How a padel game works

Padel is played only as doubles — there is no singles format under FIP rules. The team that wins the toss chooses to serve, receive, or pick the side; the other team gets the remaining choice. Service alternates between teams each game, and within a team the two players take turns serving across the match.

Scoring follows the same numbers as tennis: 15, 30, 40, game. A set is the first team to win 6 games with a 2-game margin; at 6–6 you play a tiebreak (first to 7, win by 2) unless your competition specifies otherwise. Most matches are best of three sets.

Serving rules: where most disputes happen

Padel uses an underarm serve. The server stands behind the service line, between the central service line and the side wall, on the side of the box they're serving into. The ball must be bounced on the floor first, then struck at or below waist height. The serve is diagonal — into the opposite service box — and the server has two attempts.

After the served ball lands in the correct service box, it may continue and touch the side glass wall before being returned. What it cannot do is touch the metal mesh after the bounce — that's a fault. A ball that hits the net but still lands legally in the box is a let, replayed without penalty.

Stand behind the service line

One foot must be in contact with or behind the line at the moment of impact (relaxed under the 2026 rules — see below).

Bounce the ball on the ground first

No ball-toss tennis-style serves. The ball must touch the floor before you strike it.

Hit at or below waist height

Contact must be at or below the waist. Tall players can legitimately strike higher in absolute terms, which is a frequent point of dispute at amateur level.

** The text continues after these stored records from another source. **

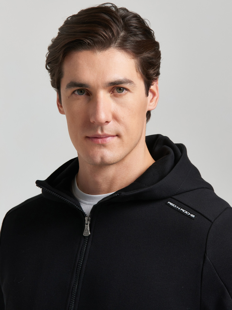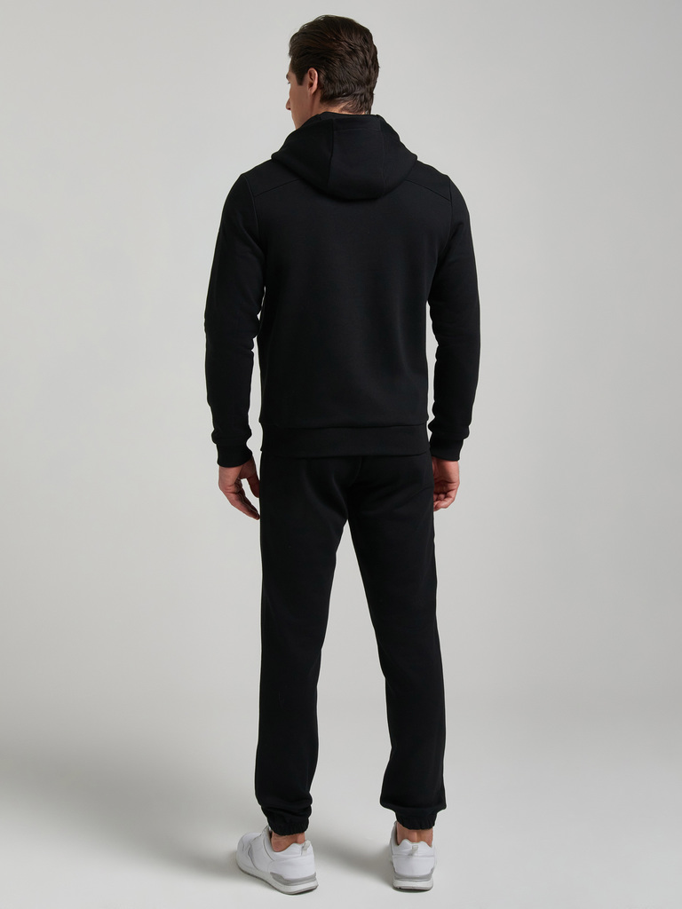 Мужско спортивный костюм из плотного хлопкового трикотажа с петельной изнанкой. Костюм состоит из куртки на молнии и брюк. Куртка свободного силуэта на поясе, с удобным капюшоном и воротником, рукава ... Показать описаниевтачные. Читать далее Карманы куртки и брюк с молниями. Низ брюк заужен на эластичную резинку. Задний карман брюк на молнии. В пояс брюк вшита резинка, ширина пояса дополнительно регулируется шнуром.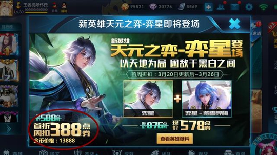 而今天登录游戏后小伙伴应该都看见如下图,上线首周价格为13888金币同时还要288的踏雪寻梅皮肤一同上线。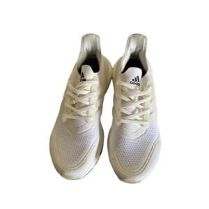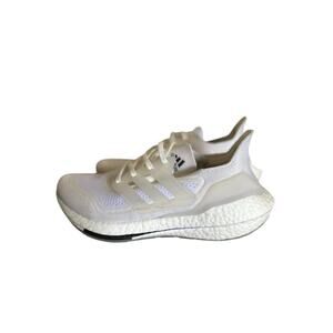 Men’s Adidas Ultraboost 21 Primeblue in Cloud White, cushioned Boost running shoe. Lightweight, responsive, and perfect for everyday running, walking, or gym training. Details Model: Ultraboost 21 Primeblue Color: Cloud White Men’s Size: 8.5 Upper: Primeknit+ Midsole: Boost Cushioning Outsole: Continental Rubber Sustainability: Primeblue recycled material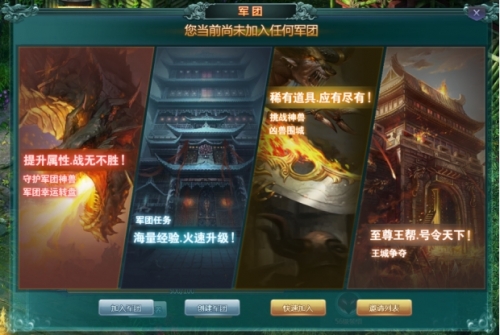 《天骄无双》中加入了全新的军团玩法,玩家可以在游戏主界面右下角进入军团系统。既可申请加入他人军团还可创建属于自己的军团。成功加入军团,就可参与军团玩法获得各种奖励。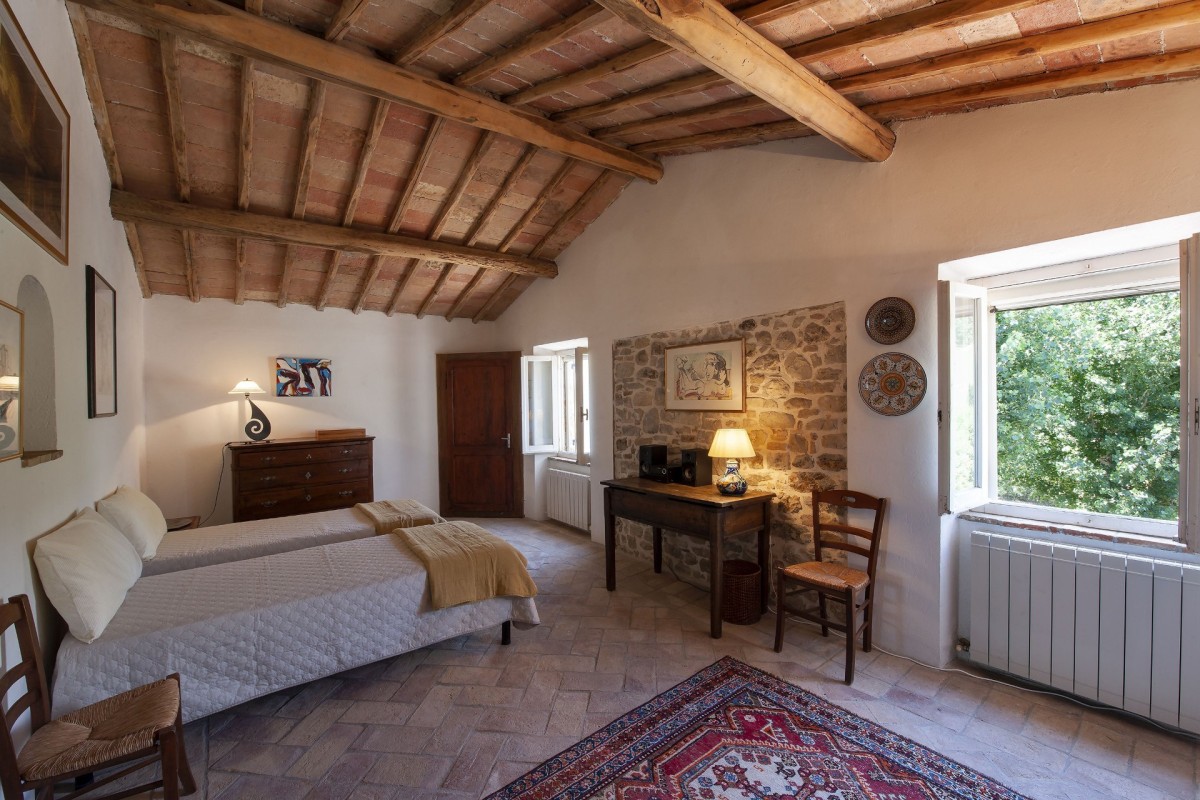 Bedroom 4: Top floor bedroom with two single beds, WiFi, and shared bathroom with bathtub / shower, vanity, bidet, and WC. 2 guests maximum.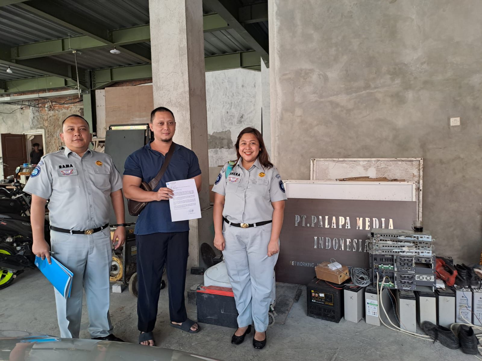 Tangerang, (haluanbanten.co.id) – Petugas Jasa Raharja Tangerang Shera Bersama Rama Budhiarto melakukan kunjungan ke PT. Palapa Media Indonesia yang berlokasi di Serua Ciputat. Kegiatan tersebut merupakan pelaksanaan program SIGAP (Samsat Initiative For Growth Achievement) yang bertujuan untuk menjalin kerja sama antara perusahaan atau instansi kedinasan dalam hal meningkatkan kepatuhan dan kesadaran pemilik kendaraan bermotor agar melakukan pembayaran Pajak Kendaraan Bermotor (PKB) dan Sumbangan Wajib Dana Kecelakaan Lalu Lintas Jalan (SWDKLLJ).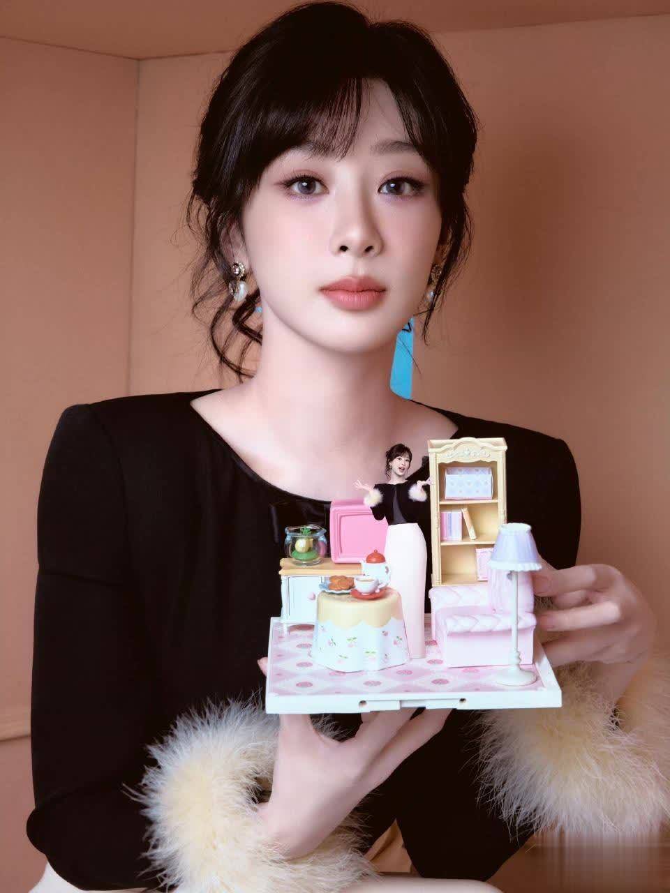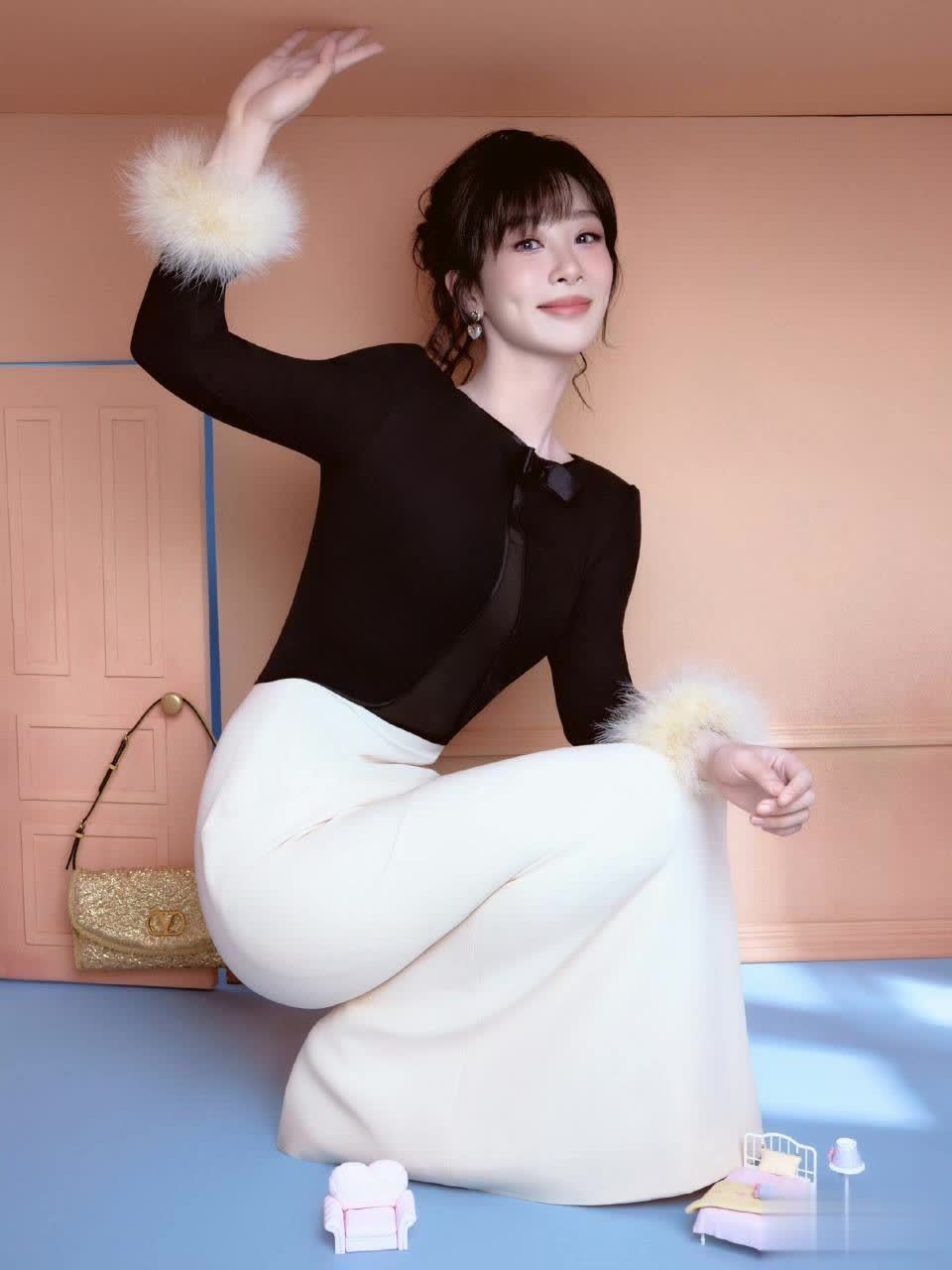 玄色蝴蝶结上衣与米白长裙的碰撞,一刹将程序残害拉满!王人刘海短发下的杨紫眼眸微笑,蓬松毛绒袖口增添灵动感。她鄙俗倚靠窗边,手举白色小物件的姿态看似随心,实则遮挡巧想——金色手提包与地上的迷你沙发、小床模子,仿佛在诉说一个童话般的袖珍戏院。这组造型完整讲授了她“甜而不腻”的气质。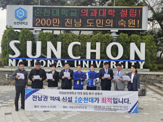 더불어민주당 권향엽 후보와 김문수 후보는 순천대학교 앞에서 의대 설립을 촉구하는 공동 성명서를 발표했다. 전라남도의회 순천 도의원들도 동참했다.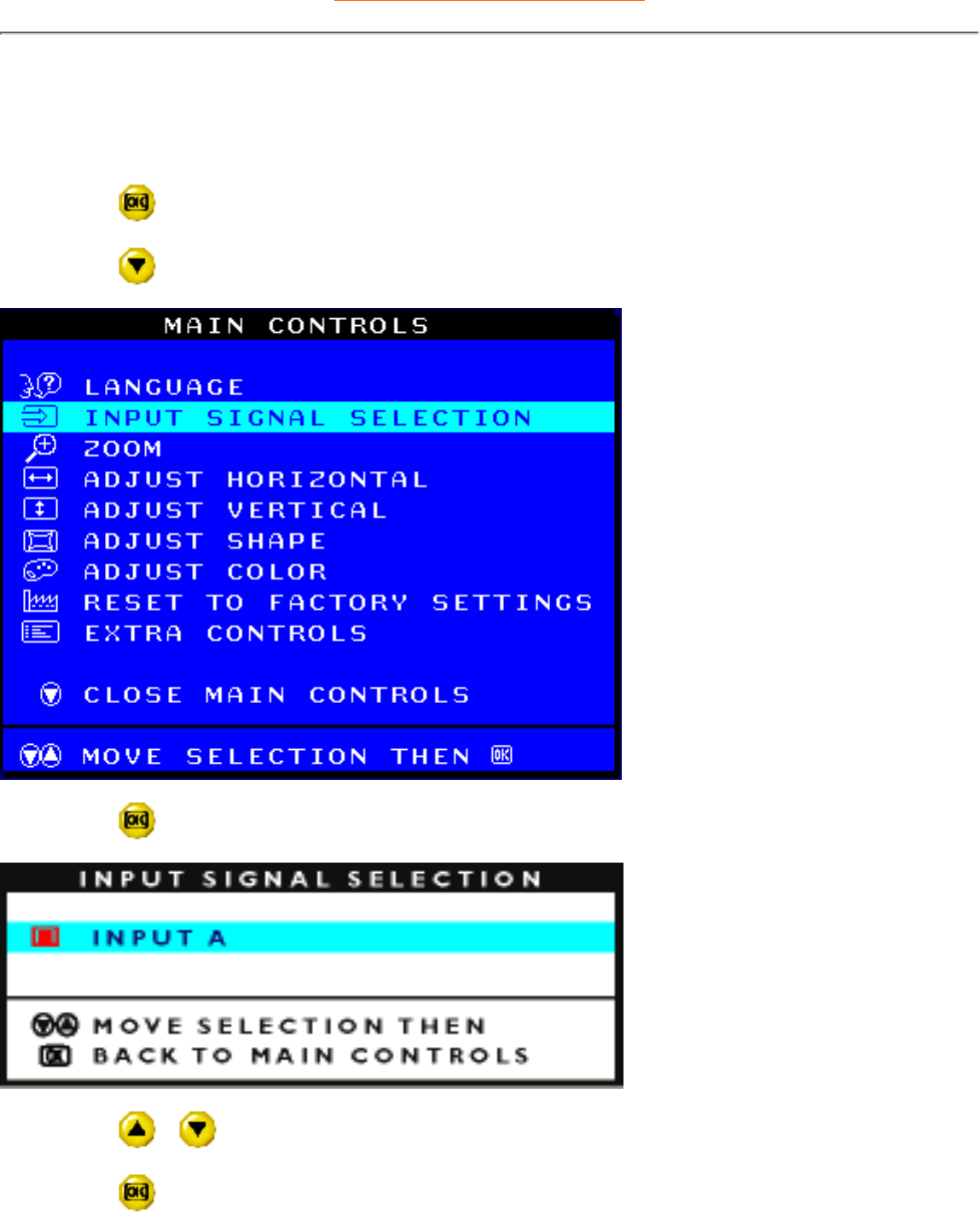 INPUT SIGNAL SELECTION determines what you see on the screen. The default setting is INPUT A, but if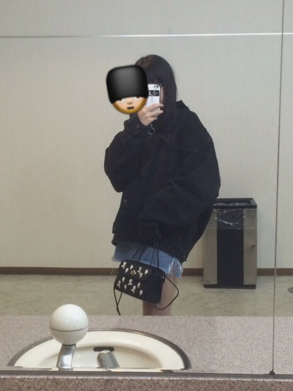 リーバイスのブラックデニムのGジャンもデニムスカートも古着😀💕 トップスはUNIQLOのボーダーのタートルネック。 バッグは最近ゲットしたCOACHのもの😻お気に入り👏
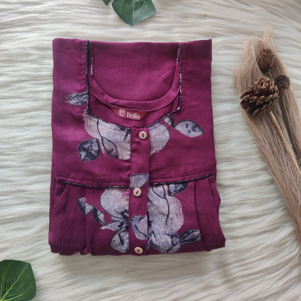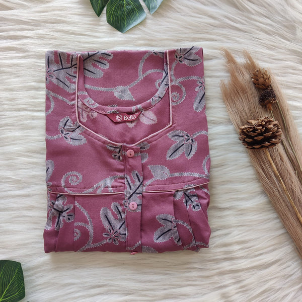 Mauve Printed Alpine Plus Size Button Zip Nighty | Free Size | Chest Width 50″| Length 55″-56″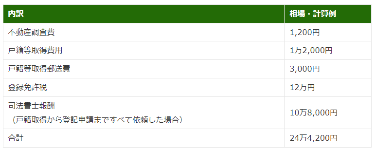 司法書士の方に頼むと免許税を抜いたとしても12万円くらいかかる可能性があります。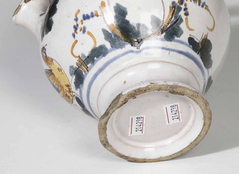 Maiolica. Marca: assente. Altezza cm 21. Conservazione: sbeccature e cadute di smalto
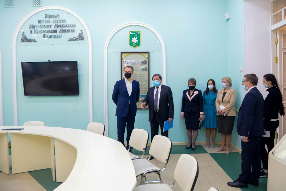 На площадке института общественных наук и массовых коммуникаций НИУ «БелГУ» состоялась встреча врио губернатора Белгородской области Вячеслава Гладкова со студенческим активом университета. Перед началом встречи, которая прошла в формате «Диалог на равных», ректор НИУ «БелГУ», профессор Олег Полухин провёл экскурсию по старейшему кампусу университета, представив воссозданную в здании пять лет назад часовню во имя преподобномученицы Евгении Римской, открытую к юбилею уроженца Белгорода Николая Страхова библиотеку-музей известного русского мыслителя, а также Духовно-просветительский центр им. митрополита Макария (Булгакова), на базе которого в сотрудничестве с Белгородской митрополией ведётся большая воспитательная работа.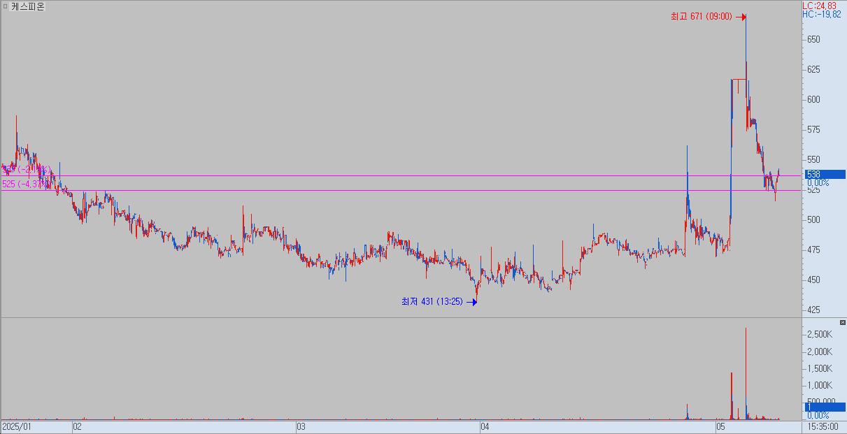 케스피온은 대한민국 대표 무선 통신 솔루션 기업으로, 이날 주가가 29.89% 올라 617원에 거래됐습니다. 거래량이 실리며 장대양봉을 기록했습니다. 케스피온은 27년간 R&D 중심의 무선 통신 기술 개발에 주력해 왔습니다. 이동통신용 소형 휴대폰 안테나를 주력 사업으로 시작해 무선 공유기, 차상 안테나 등 옥외 무선 통신 솔루션과 군 통신 전자기기 분야로 사업을 확장했습니다. 5G 시대를 맞아 고성능 안테나 기술 개발에 집중하며 시장 변화를 선도하고 있습니다. 또한 자율주행과 커넥티드 카용 차상 안테나 솔루션과 무선 공유기 사업을 확대하며 안정적인 무선 네트워크 구축에 기여하고 있습니다. 군 통신 전자기기 분야 진출을 통해 고도의 보안성과 신뢰성을 확보했습니다.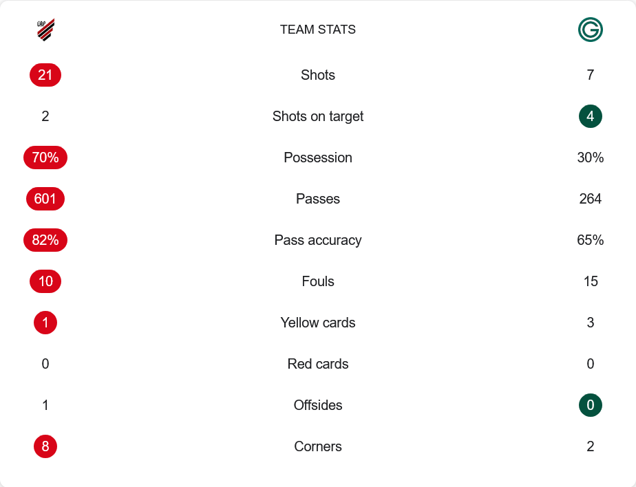 ตลอดเกม แอตเลติโก้ พาราเนนเซ่ครองบอลมากถึง 70% สร้างโอกาสยิงได้ 21 ครั้ง แต่เข้ากรอบแค่ 2 ขณะที่โกยาสยิงน้อยกว่าแค่ 7 ครั้งแต่ตรงกรอบถึง 4 และเปลี่ยนเป็นประตูได้สำเร็จ เจ้าถิ่นผ่านบอลแม่นกว่า 82% ต่อ 65% ของทีมเยือน แต่โกยาสเล่นเกมรับได้อย่างมีวินัย ทำฟาวล์ 15 ครั้งเพื่อหยุดเกมรุกเจ้าบ้านอย่างได้ผล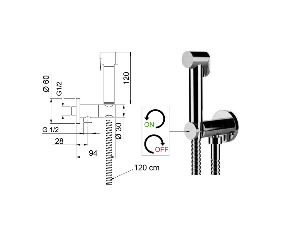 Nástěnný ventil s ruční bidetovou sprškou a bezpečnostní pojistkou,kulatý,chrom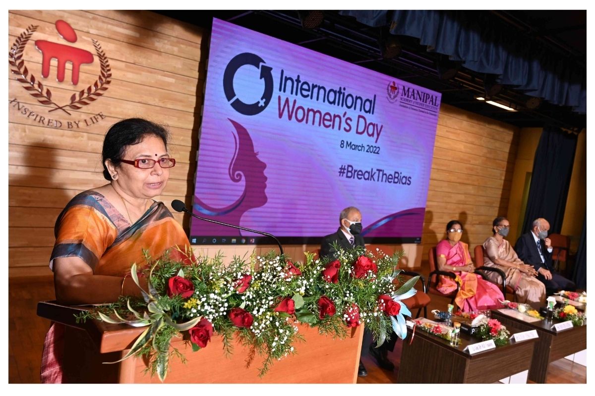 Mrs Vasanti R Pai, Trustee, MAHE, giving the Presidential Address said “I welcome Ms. Rekha Sharma and it’s an honour to have her on this day. This year's International Women's Day theme is 'breaking the bias' and it's about working towards a world free of stereotypes and discrimination. A world that is diverse, equitable, and inclusive. Though 2021 has been continued a year full of challenges due to the pandemic women have shown courage and proved themselves to be strong and they can achieve whatever they want at any age if they make up their mind. I wish everyone a very happy and healthy Women’s Day”.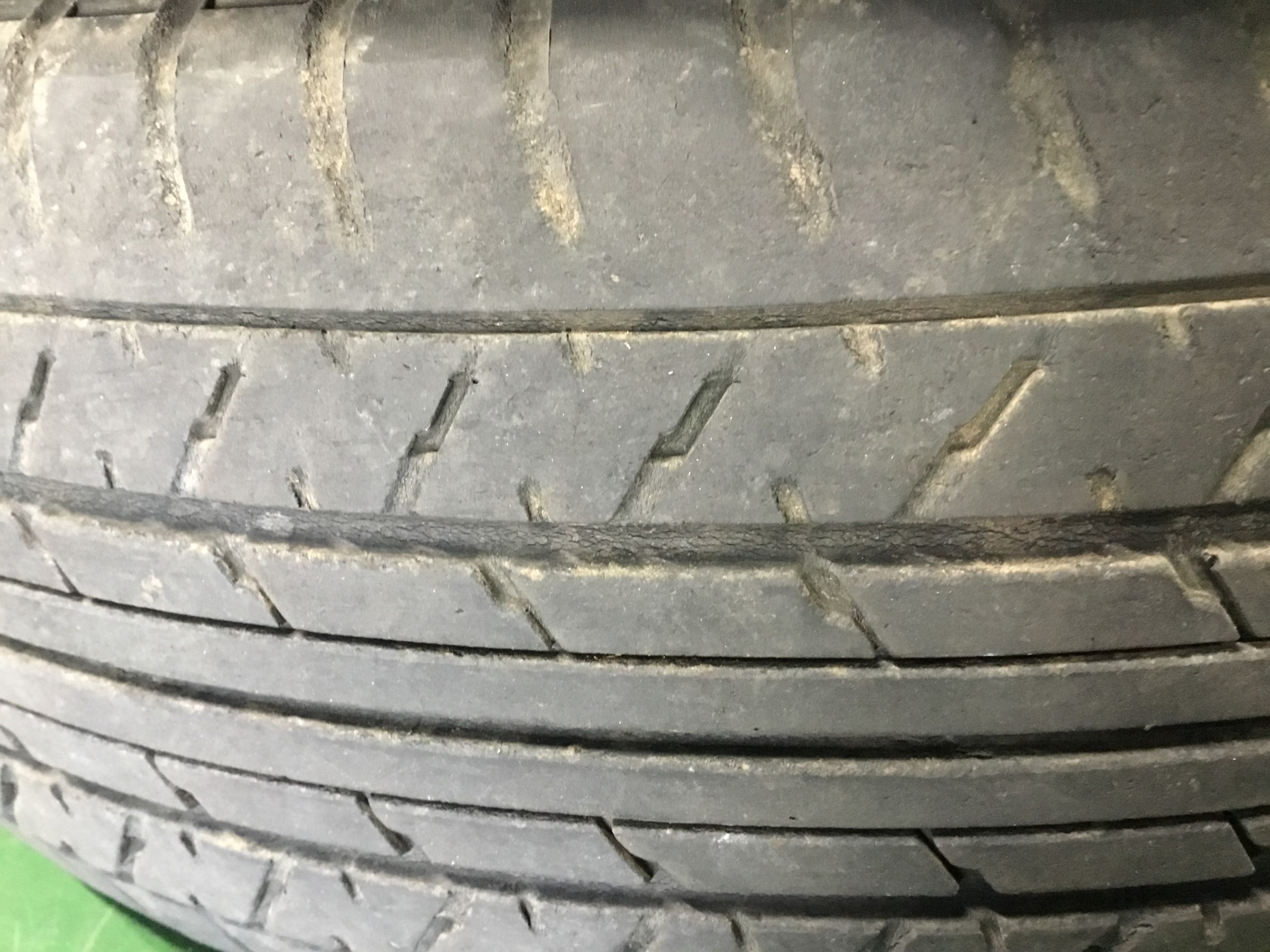 交換前のタイヤの残り溝は1.6mm以下でした。

Serve diagonally into the opposite box

Right-side server delivers into the receiver's right-hand box; left-side server into the left-hand box. Two attempts.

Wear the safety wrist cord

A safety strap between the racket handle and your wrist is mandatory under FIP rules — and from 2026 a broken or detached cord during a point loses the point automatically.

Wall play: the rule that makes padel padel

The walls turn padel from a smaller-court racket sport into a tactical game. Two rules govern them:

On your own side — once the ball has bounced in your court, you can let it carry into the back glass or the side wall and play it off the rebound. You can also smash the ball into your own walls deliberately to set up a return angle. There's no restriction here.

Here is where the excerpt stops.